# Valiantdal's info



## my dog carmail (Aug 20, 2007)

Can you guys give me all the info on the Valiantdale's line as you know if you read my other post updgraded and in that post i said my dog is related to the valiantdale's line so i want to know all the info i can about this line, 
Thank you in advance.


----------



## Andaka (Jun 29, 2003)

The OFA website might be a good place to look.

http://www.offa.org


----------



## my dog carmail (Aug 20, 2007)

That site gave me a lot of info but got anymore place's i can look for more.


----------



## lhczth (Apr 5, 2000)

I remember their ads in Dog World in the 80's and early 90's. Don't remember a lot of specifics, though. Titled dogs in obedience ans some in SchH. Large dog, black/silvers? I can still see the photo they used in their one ad. 

Looky what I found and there is the photo.








http://www.valiantdale.com/


----------



## my dog carmail (Aug 20, 2007)

I wonder if they will let me use there pictures and add them to carmails pedigree









Hay i see some of the dogs on the site that i see in carmails pedigree like Valiantdale's boss vom icon, Valiantdale's panzer bear,and Valiantdale's hello dolly and you know what when you look in Valiantdale's panzer bear pedigree on his fathers side there is a Rin tin tin XXXVII







wow i didn't think carmail had a rin tin tin in her pedigree now that is cool.


----------



## greg dejanes (Aug 29, 2007)

Shepherd, I have all of these dogs you mentioned In the domestic part of my dogs lines. Boss did achieve Sch111 and was all black. 
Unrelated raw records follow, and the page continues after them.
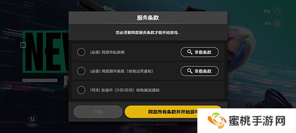 3、接着玩家们勾选服务条款并点击同意。
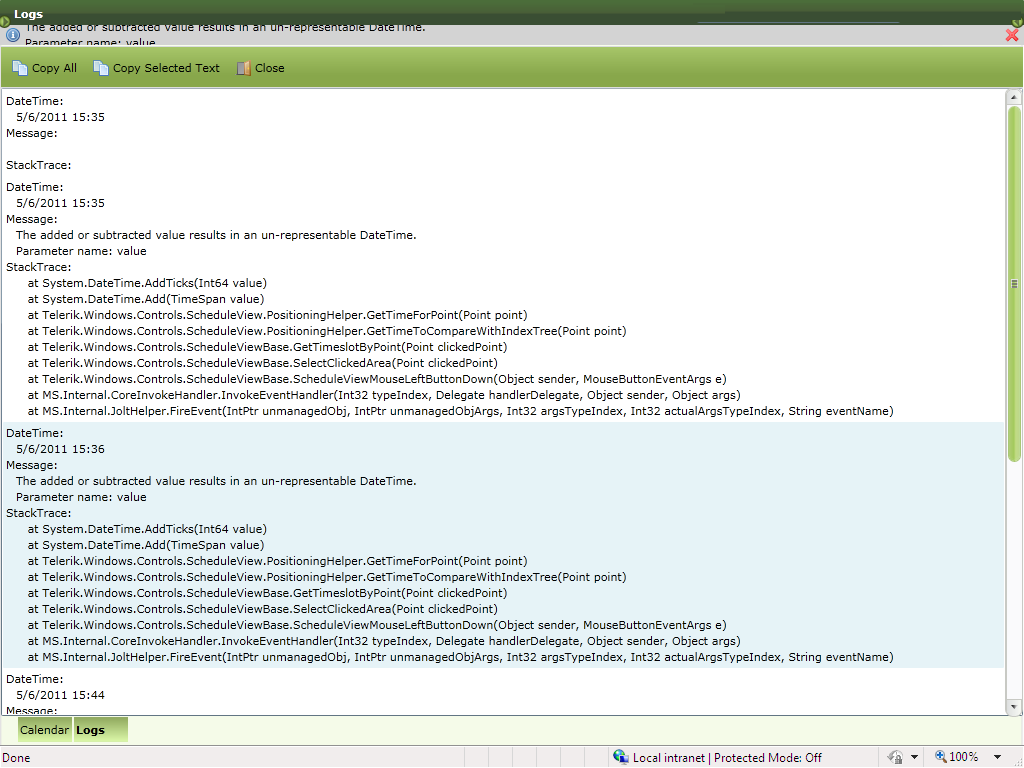 Hi telerik I get an error in schedulView. I set workdaystart and workdayend to 0. So scheudleView looks like Imag-1. Now As in imag-2 I expand the tree so scheduleView also expanded. And If i click on it I got an error as shown in Image-3/
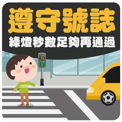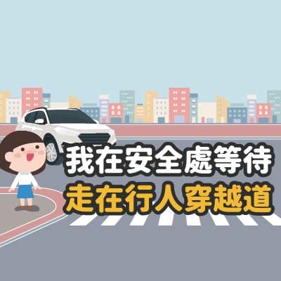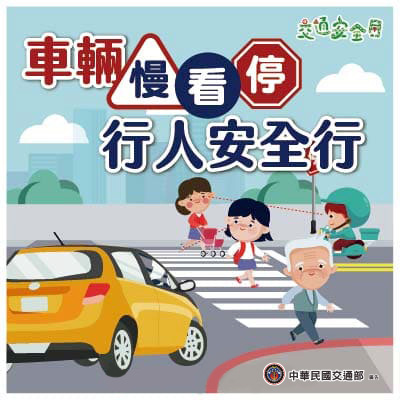 1.9月「交通安全月」,車輛慢看停,行人安全行。專心過馬路
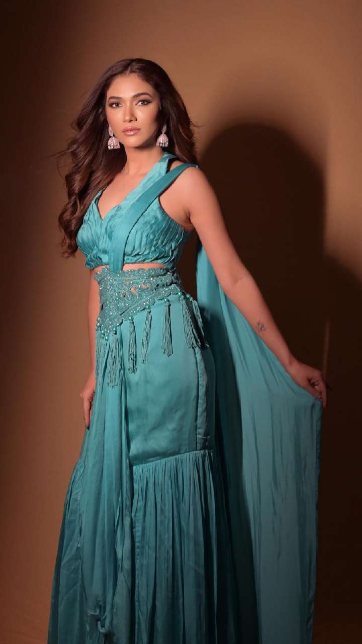 ब्लू कलर के इंडो-वेस्टर्न लुक में रिद्धिमा पंडित का ये लुक काफी ज्यादा ट्रेंडी है। इस लुक के साथ एक्ट्रेस ने ग्लोसी मेकअप किया है।
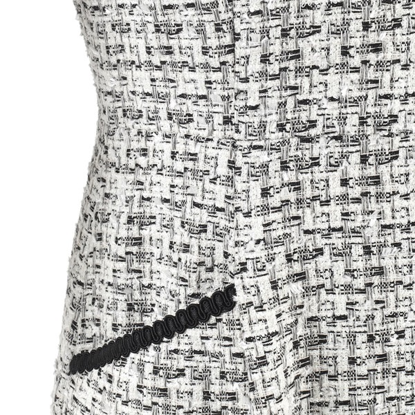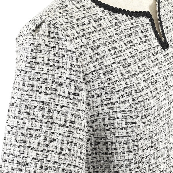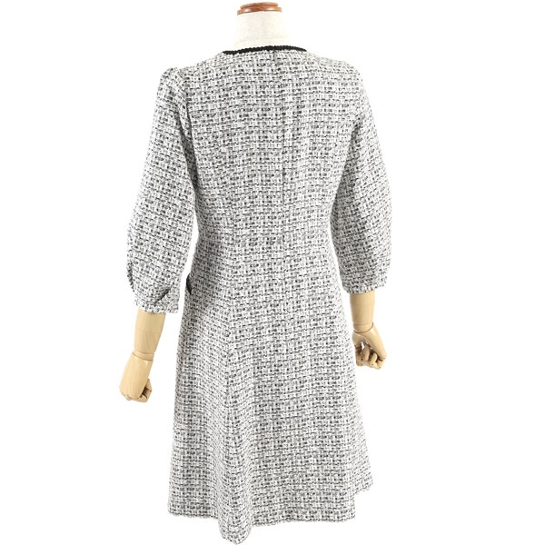 着るだけで華やかさを演出してくれるファンシーツイードの七分丈ワンピース。首元とポケットにあしらったブレードのテープがさり気ないアクセントになっています。首元のカットデザインが抜け感をプラス。袖はボリュームのあるパフスリーブで可愛らしい印象に仕上げました。ややゆったりとしたAラインシルエットですが、スタイルアップして見えるよう、高めのウエスト切り替え位置と、短すぎないミニ丈のバランスにこだわりました。ポケット付きも嬉しいポイント。普段使いはもちろん、オケージョンシーンにもおすすめです。
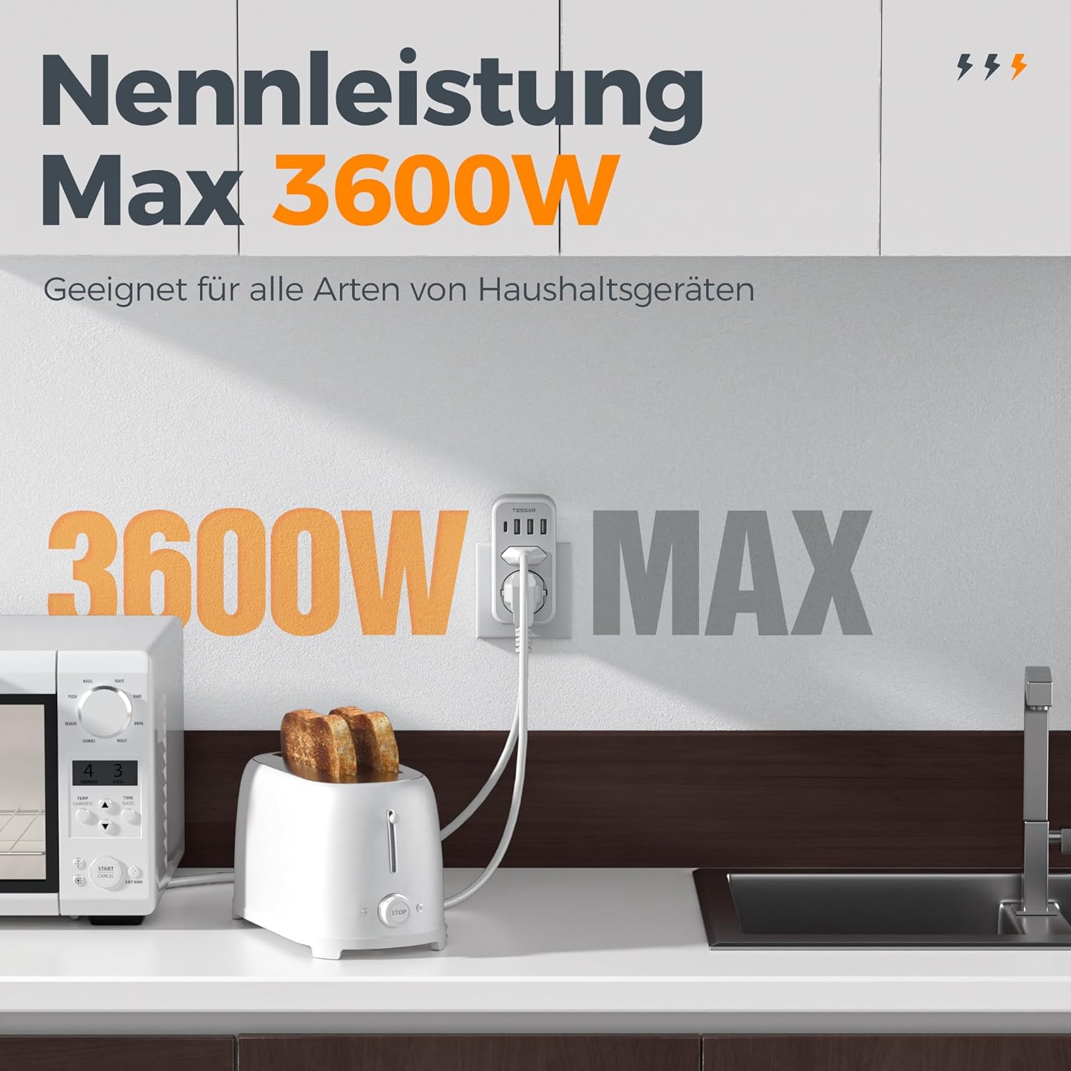 TESSAN 2-fach Steckdosenadapter mit USB, 3600W
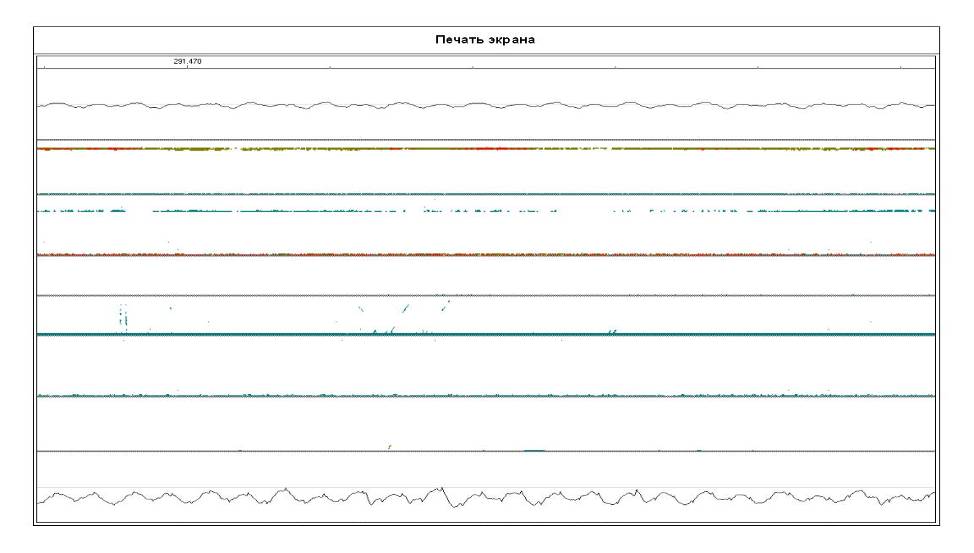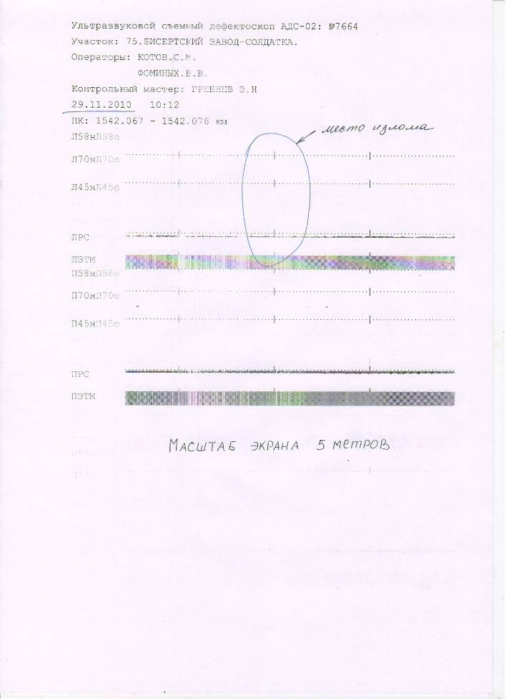 - 17.11.10г. съемный дефектоскоп АДС-02 № 040106, оператор Яськин И.В., дефект не обнаружен. На дефектограмме регистратора имеются признаки дефекта. Выдавался на вторичный контроль расшифровщиком регистраторов Покачаковым А.С., при вторичном контроле подтвержден дефект по коду 11.2.
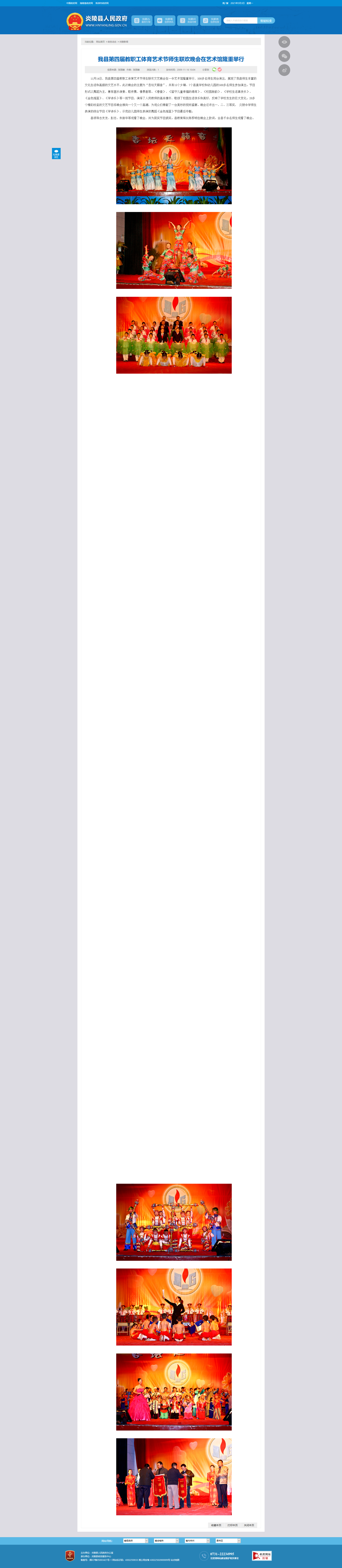 11月14日,我县第四届教职工体育艺术节师生联欢文艺晚会在一中艺术馆隆重举行,500多名师生同台演出,展现了我县师生丰富的文化生活和高超的文艺水平。此次晚会的主题为“杏坛天籁音”,共有15个乡镇、7个县直学校和幼儿园的500多名师生参加演出。节目形式以舞蹈为主,兼有器乐演奏、歌伴舞、情景剧等。《春蚕》、《留守儿童幸福的港湾》、《校园新韵》、《学校生活真快乐》、《金色摇篮》、《学诗乐》等一批节目,演绎了人民教师的高尚情怀,歌颂了校园生活快乐和美好,反映了学校发生的巨大变化。20多个精彩纷呈的文艺节目将晚会推向一个又一个高潮,为观众们奉献了一台美妙的视听盛宴。晚会还评出一、二、三等奖, 炎陵中学师生表演的综合节目《学诗乐》、示范幼儿园师生表演的舞蹈《金色摇篮》节目最后夺魁。
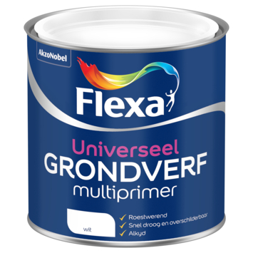 Flexa universele multiprimer wit 250 ml is geschikt als hechtlaag voor diverse ondergronden zowel binnen als buiten. Het hecht uitstekend en is prima roestwerend waardoor je het op veel verschillende ondergronden kunt toepassen. Denk bijvoorbeeld aan hout, harde kunststoffen, geglazuurde tegels, bestaand schilderwerk, ferro metalen zoals ijzer en staal en non-ferro metalen zoals koper en zink. Flexa multiprimer droogt zeer snel waardoor je weinig last hebt van inwaaiend stof in je net aangebrachte primerlaag. Dit draagt bij aan een strak eindresultaat van je klus. Je kunt na droging de Flexa universele multiprimer met elke gewenste terpentine- of waterverdunbare Flexa aflak afwerken.
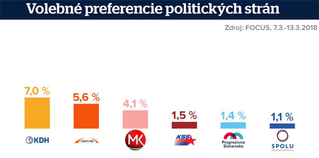 Prah zvoliteľnosti by prekročilo dnes neparlamentné KDH, ktorému by hlas odovzdalo 7 percent voličov. Poslednou stranou, ktorá by splnila limit do parlamentu je najmenšia vládna strana Most-Hís so 5,6 percentami.
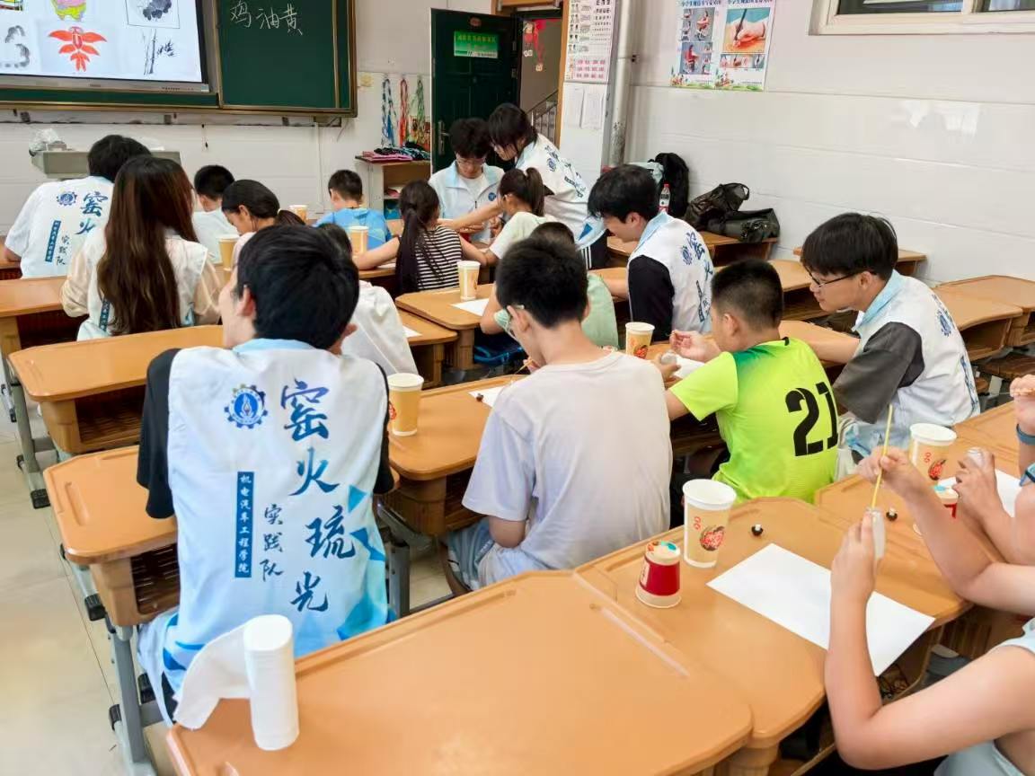第四天上午,实践队来到张店铁路小学。队员们化身“小老师”,向孩子们生动地讲解了琉璃的历史、工艺以及鲁派内画的奇妙之处。孩子们听得津津有味,对琉璃艺术充满了好奇。在队员们的指导下,孩子们还尝试了鲁派内画,虽然画得略显稚嫩,但每一幅作品都充满了童真与创意。活动最后,队员们为孩子们发放了琉璃小制品作为奖励,鼓励他们继续探索琉璃艺术的奥秘。

I have posted pics of my dog Panzer on a recent post that shows his pedigree here and pics in the pictures section. I was glad to see that Valientdale's dogs were getting titled in working abilities when I looked into these dogs. Breeding for color only (black and black and silver scared me). 

I have read positive things about the kennel. I just can't remember were I read it though.

I read that dogs who use the Rin Tin Tin must be decended dircectly through the male line to him.

I would be interested to see your pedigree. Can you post it?


----------



## greg dejanes (Aug 29, 2007)

I made a mistake saying Boss had the Sch111. I believe it was his father who recieved the title. Sorry!


----------



## my dog carmail (Aug 20, 2007)

Here ya go carmails pedigree
Carmails pedigree 



Oh and boss icon he does have a sch3 and his father has one two.


----------



## greg dejanes (Aug 29, 2007)

Can you post some pics?


----------



## my dog carmail (Aug 20, 2007)




----------



## greg dejanes (Aug 29, 2007)

Looks like a good one!


----------



## my dog carmail (Aug 20, 2007)

I looked at your dog in the photo area and he looks just like carmail when she was 6 months old.


----------



## greg dejanes (Aug 29, 2007)

Yes! These pics are better. I really like her. Not an over angulated hock walker lol. Hows the temperment? Is she a barker?


----------



## my dog carmail (Aug 20, 2007)

She is shy around strangers but beside's that she has a great temperment, she has great drive loves to work with me and learns so quickly,She's not a barker but more of a groner she only barks when someone is at the door.

She take's after the valantdale line, She's large 85 pounds and 24.7 inch's tall and not over angulated.

Her father was a black and silver and her mother was a black and red so she ended up right between the two, And she may carry the white gene.


----------



## my dog carmail (Aug 20, 2007)

Does anyone know if the valantdale kennel is still breeding dogs.


----------



## my dog carmail (Aug 20, 2007)

No ones answered my question about does anyone now if the valiantdale kennel is still breeding dogs, I've tryed contacting them by email but i got no reply.

And Greg do you have any more questions about my dog?


----------



## Anita (Aug 14, 2000)

It appears that the website may not have been updated since 2002. Copyright is 2002, and on the females page there is reference to them being shown in 2002.
I don't know how you could find out current details, or if they are still breeding. Maybe email AKC and ask for contact details for that kennel if they are still valid? I am sure if we did that with our kennel club in NZ, and the kennel was still registered, the NZKC would provide us with contact info, but I am not sure if they same would apply with the AKC.
Good luck in your search anyway.

Anita
<the Kiwi>


----------